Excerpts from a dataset

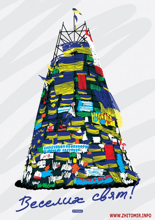 Житомирський дизайнер Ілля Стронговський зобразив київську йолку на новорічній листівці і за лічені години вона здобула шалену популярність.
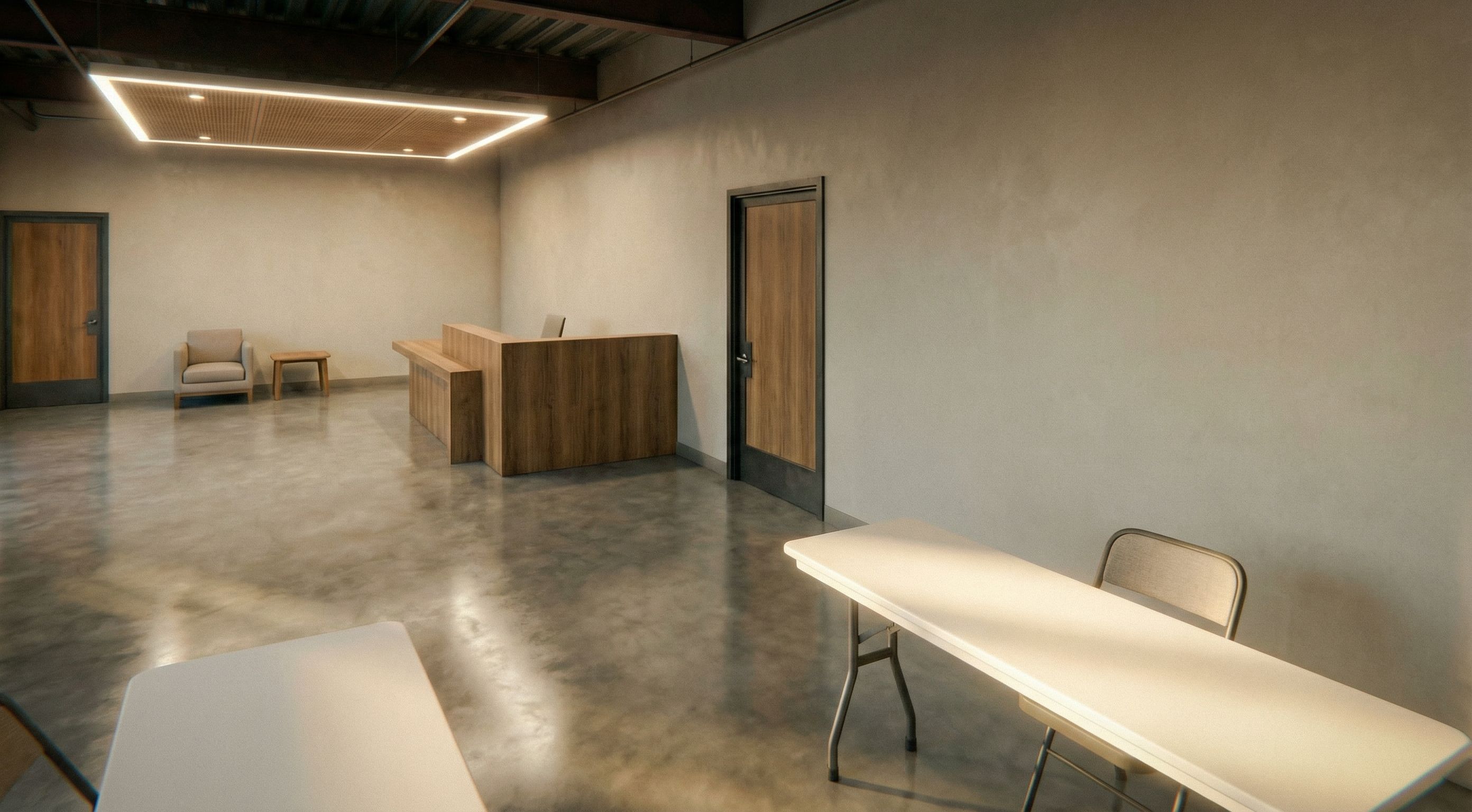 Transform this existing Revit interior camera view to match the aesthetic and atmosphere of the provided reference image while preserving the original geometry, layout, furniture placement, proportions, and camera perspective exactly as shown. Do not change the view or redesign the space. Apply a refined modern wellness lobby aesthetic with warm industrial character. Introduce layered architectural lighting combining soft natural daylight and warm overhead linear lighting. Create gentle lighting hierarchy with brighter foreground illumination, soft midtones, and slightly diffused background depth. Reduce harsh shadows and improve light bounce to create an open, calm atmosphere. Enhance material realism while maintaining existing surfaces: warm natural wood tones with visible grain, matte neutral plaster walls, polished concrete flooring with soft diffused reflections, and dark exposed steel ceiling elements with subtle variation. Improve global illumination and add soft ambient occlusion at wall intersections, furniture bases, and ceiling structure for depth. Apply cinematic architectural color grading inspired by the reference: warm highlights, neutral midtones, slightly cooler shadows, balanced contrast, clean professional wellness atmosphere. Maintain neutral color palette without introducing new accent colors. Add subtle photoreal refinement: soft light bloom around fixtures, realistic contact shadows, gentle atmospheric depth, and clean high-end architectural visualization quality. Use the reference image only to influence lighting quality, material richness, warmth balance, and overall mood — not layout or composition. Do not alter architecture, do not change camera angle, do not add or remove furniture, no new decor elements, no geometry changes, no fisheye distortion, no heavy HDR, no oversaturation., keep exact camera angle
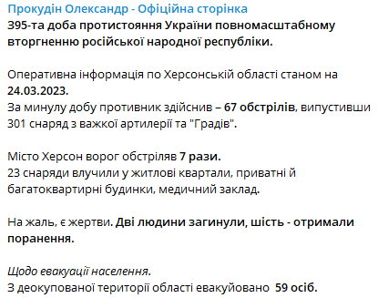 Стреляли из тяжелой артиллерии и "Градов". Херсон обстреляли семь раз, зафиксировано 23 прилета по жилым кварталам, частным и многоквартирным домам и по медицинскому учреждению.
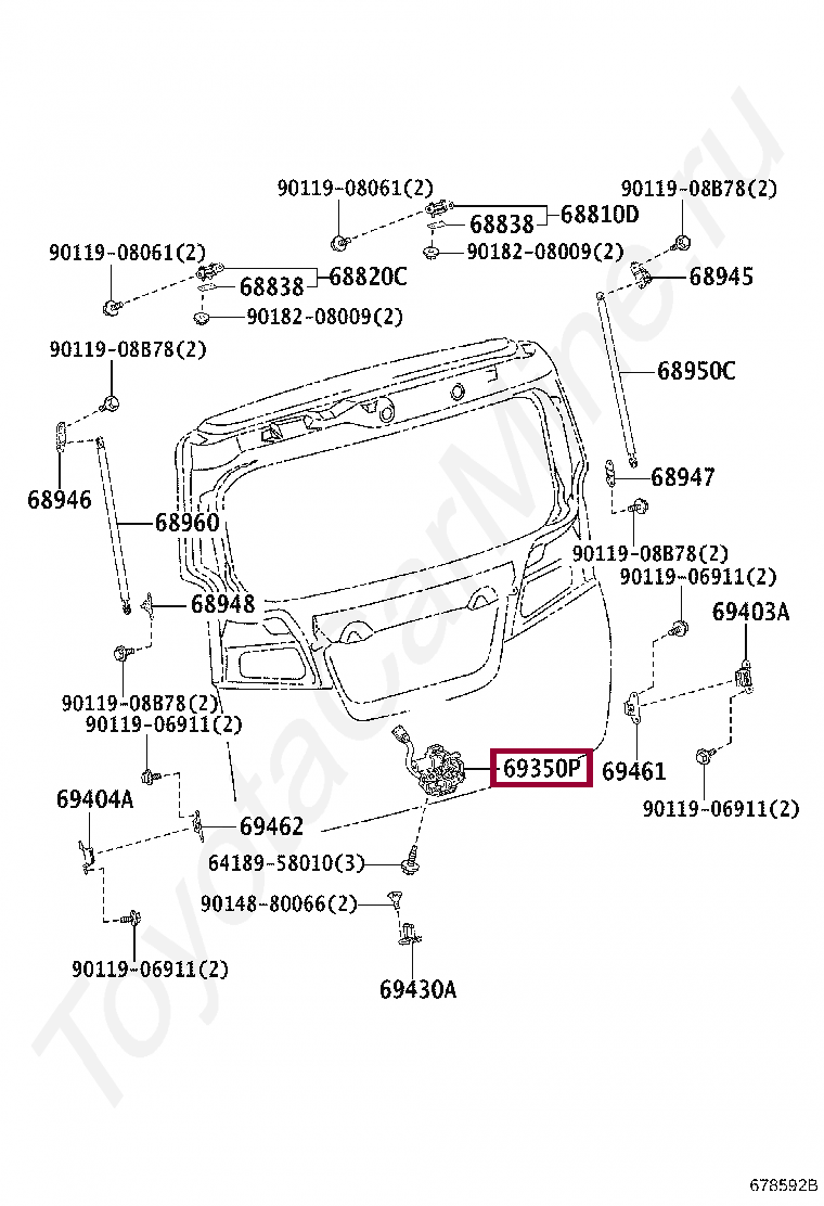 LOCK ASSY, BACK DOOR, W/COURTESY LAMP SWITCH
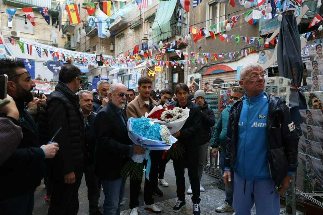 Il Napoli, rappresentato da presidente, allenatore e capitano, ha omaggiato il Pibe de Oro presso il murale ai Quartieri Spagnoli, meta di pellegrinaggio di tifosi, turisti e curiosi. Antonio Conte, Aurelio De Laurentiis e Giovanni Di Lorenzo, in rappresentanza di tutta la squadra, hanno così ricordato Diego.
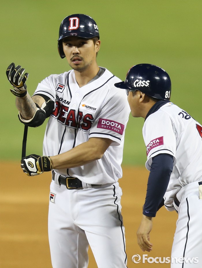 (서울=포커스뉴스) 24일 서울 잠실구장에서 열린 2016프로야구 kt-두산 경기 7회말 무사 만루에서 두산 오재원이 동점 2타점 중전 안타를 치고 1루에서 강동우 코치의 축하를 받고 있다.
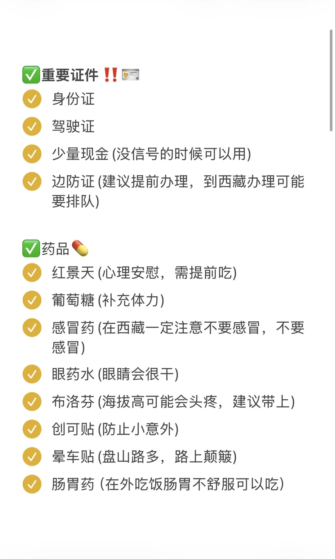 ✔️边防证(建议提前办理,到西藏办理可能要排队)
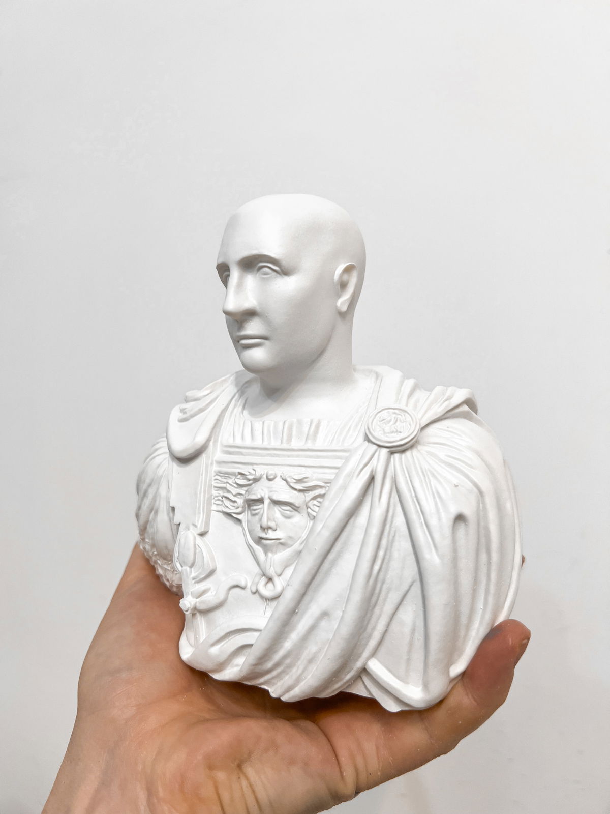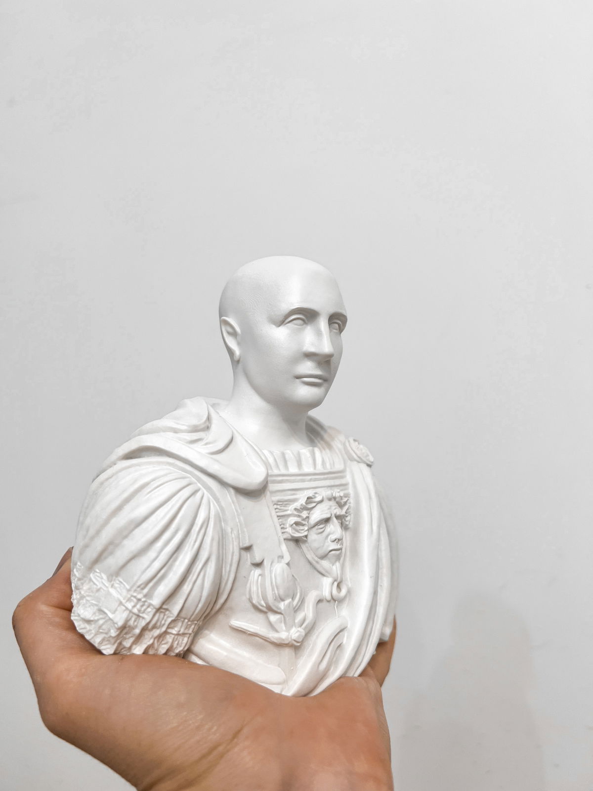 Cada pieza se imprime en 3D con resina UV, logrando una definición impecable en los detalles. Luego, la rellenamos para darle peso y estabilidad. Finalmente, la pintamos con aerosol para obtener un acabado mate que recuerda al concreto, como en nuestra colección general.

Instructions to follow
Write out the entries word for word. Skip the pictures.

Solution for this exercise
 Житомирський дизайнер Ілля Стронговський зобразив київську йолку на новорічній листівці і за лічені години вона здобула шалену популярність.
 Transform this existing Revit interior camera view to match the aesthetic and atmosphere of the provided reference image while preserving the original geometry, layout, furniture placement, proportions, and camera perspective exactly as shown. Do not change the view or redesign the space. Apply a refined modern wellness lobby aesthetic with warm industrial character. Introduce layered architectural lighting combining soft natural daylight and warm overhead linear lighting. Create gentle lighting hierarchy with brighter foreground illumination, soft midtones, and slightly diffused background depth. Reduce harsh shadows and improve light bounce to create an open, calm atmosphere. Enhance material realism while maintaining existing surfaces: warm natural wood tones with visible grain, matte neutral plaster walls, polished concrete flooring with soft diffused reflections, and dark exposed steel ceiling elements with subtle variation. Improve global illumination and add soft ambient occlusion at wall intersections, furniture bases, and ceiling structure for depth. Apply cinematic architectural color grading inspired by the reference: warm highlights, neutral midtones, slightly cooler shadows, balanced contrast, clean professional wellness atmosphere. Maintain neutral color palette without introducing new accent colors. Add subtle photoreal refinement: soft light bloom around fixtures, realistic contact shadows, gentle atmospheric depth, and clean high-end architectural visualization quality. Use the reference image only to influence lighting quality, material richness, warmth balance, and overall mood — not layout or composition. Do not alter architecture, do not change camera angle, do not add or remove furniture, no new decor elements, no geometry changes, no fisheye distortion, no heavy HDR, no oversaturation., keep exact camera angle
 Стреляли из тяжелой артиллерии и "Градов". Херсон обстреляли семь раз, зафиксировано 23 прилета по жилым кварталам, частным и многоквартирным домам и по медицинскому учреждению.
 LOCK ASSY, BACK DOOR, W/COURTESY LAMP SWITCH
 Il Napoli, rappresentato da presidente, allenatore e capitano, ha omaggiato il Pibe de Oro presso il murale ai Quartieri Spagnoli, meta di pellegrinaggio di tifosi, turisti e curiosi. Antonio Conte, Aurelio De Laurentiis e Giovanni Di Lorenzo, in rappresentanza di tutta la squadra, hanno così ricordato Diego.
 (서울=포커스뉴스) 24일 서울 잠실구장에서 열린 2016프로야구 kt-두산 경기 7회말 무사 만루에서 두산 오재원이 동점 2타점 중전 안타를 치고 1루에서 강동우 코치의 축하를 받고 있다.
 ✔️边防证(建议提前办理,到西藏办理可能要排队)
 Cada pieza se imprime en 3D con resina UV, logrando una definición impecable en los detalles. Luego, la rellenamos para darle peso y estabilidad. Finalmente, la pintamos con aerosol para obtener un acabado mate que recuerda al concreto, como en nuestra colección general.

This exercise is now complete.